Maybe you can refine the delivery of a beautiful meal at a restaurant, but the meal itself is born from a person's creativity and aesthetic sense, trying to weigh itself against the realities of financial constraints. You can streamline it, and you can deliver the same meal every day, but I've seen the meticulous care of a professional chef running a restaurant in my home country, and successful commodification still requires intense caring.
You can try all you want to reduce the delivery of features to a Jira board and mumbling about Agile, but you're not going to get anything worthwhile out of people if you can't connect with them. You think an engineer good enough to have opinions on the relative elegance of cryptic symbols in an IDE can work without an element of soul, because it would be convenient if he was more like a widget-producing machine? Hah.

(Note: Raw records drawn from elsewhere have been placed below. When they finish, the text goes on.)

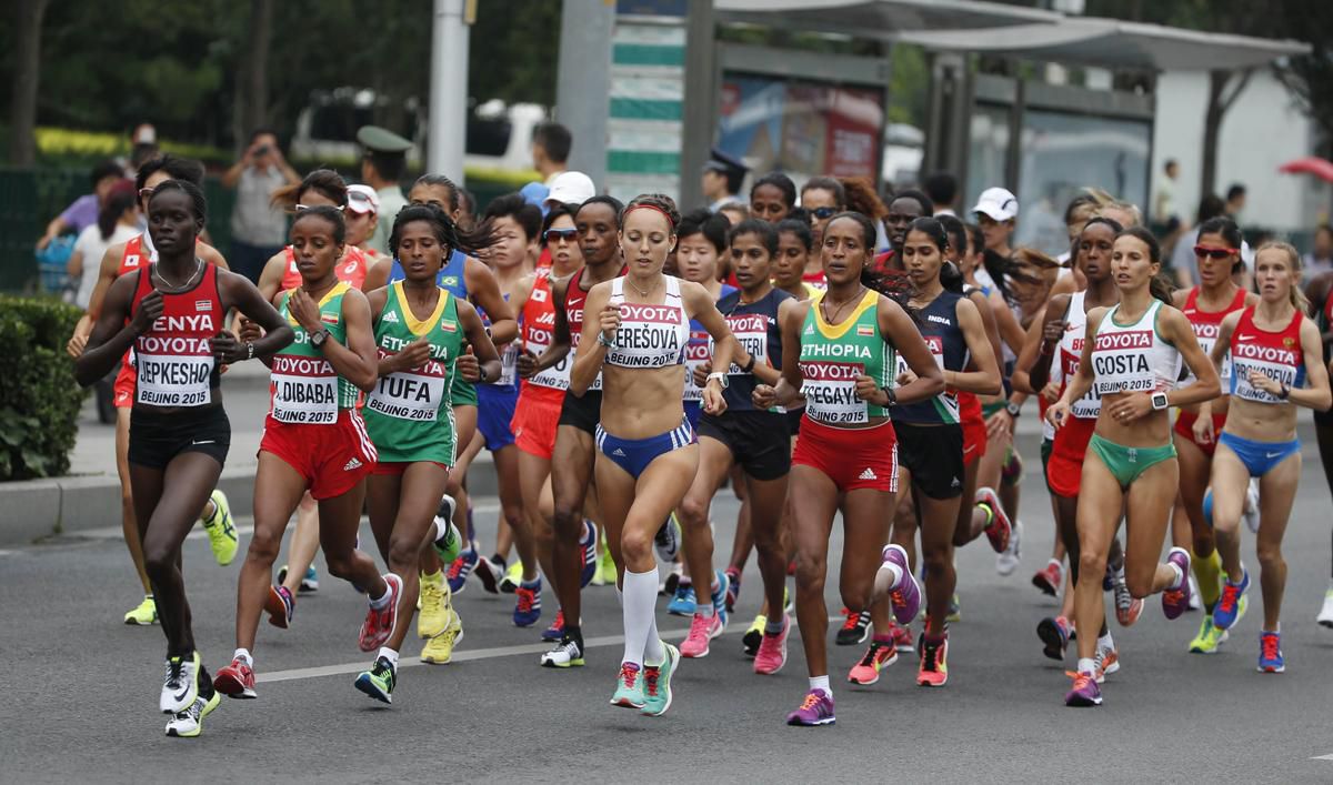 Na 10. km (35:32) mali najpočetnejšie zastúpenie v 18-člennom 'balíku' štyri Keňanky, tri Etiópčanky a tri Japonky. Na 15. km (53:21) bolo v popredí 19 vytrvalkýň a hneď za nimi ukrajovala kilometre Katarína Berešová s polminútovou stratou. Najväčšiu aktivitu vyžarovali Japonky, Etiópčanky a aj Kim Hye-Song z KĽDR, 8. na MS v Moskve.
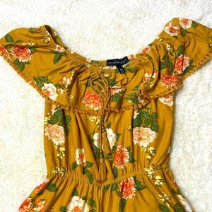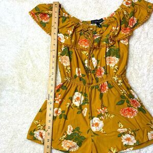 Derek Heart Womens/juniors Mustard Yellow Floral Ruched Romper Sz M
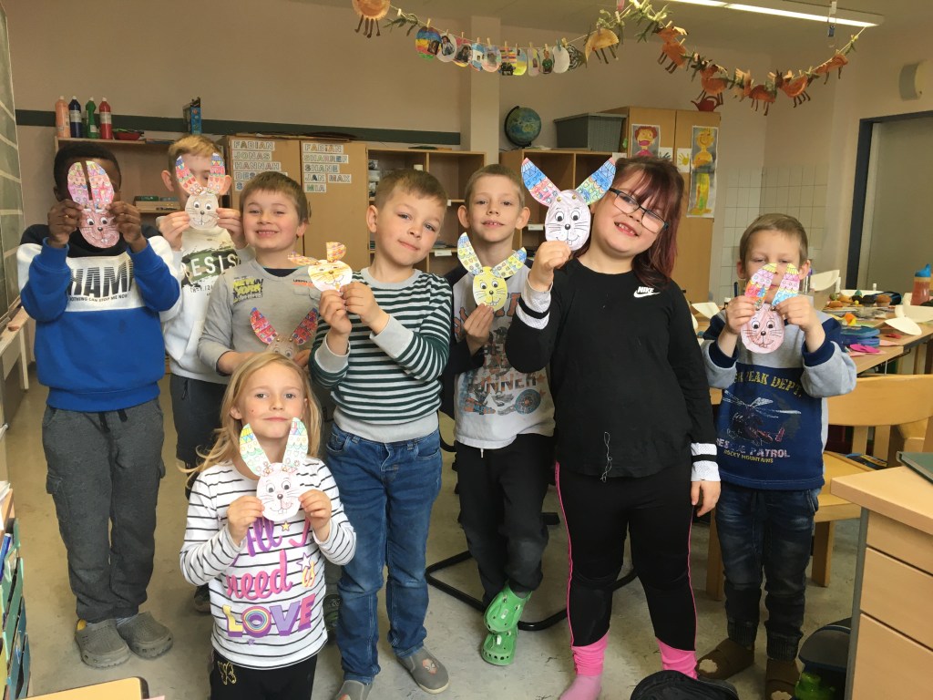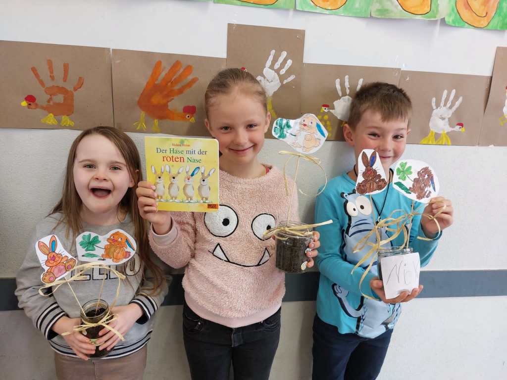 In der Klasse 1c haben wir zum Buch „Der Hase mit der roten Nase“ gebastelt und uns danach mit Hühnern beschäftigt. Die Quizfragen zum Hühnerfilm gaben den entscheidenden Tipp, wo der Osterhase die Körbchen versteckt hat.

Heck, I know someone that designs some of the chips that go into iPhones, and you'd think that would be commodified to hell and back, but at the end of the day it's actually my uncle staying up to 3 AM, calling me from the U.S because he'd like to keep in touch despite the workload - and if that guy gets sick, they're probably actually going to have to delay the next release. There's crazy infrastructure to allow them to test and mass produce those chips, but individual people make that machine run.
There are harsh realities to grapple with, and society runs on commodification, but anyone that thinks that you can run on pure commodification, without any understanding of their specific craft, or the human complexities, needs, and frailties of the people around them, who think that you can just buy more enterprise licenses and that giving someone a salary is enough reason for them to subjugate the entirety of themselves as they turn up to work every day...
Well, you're wrong, and you can fucking bite me.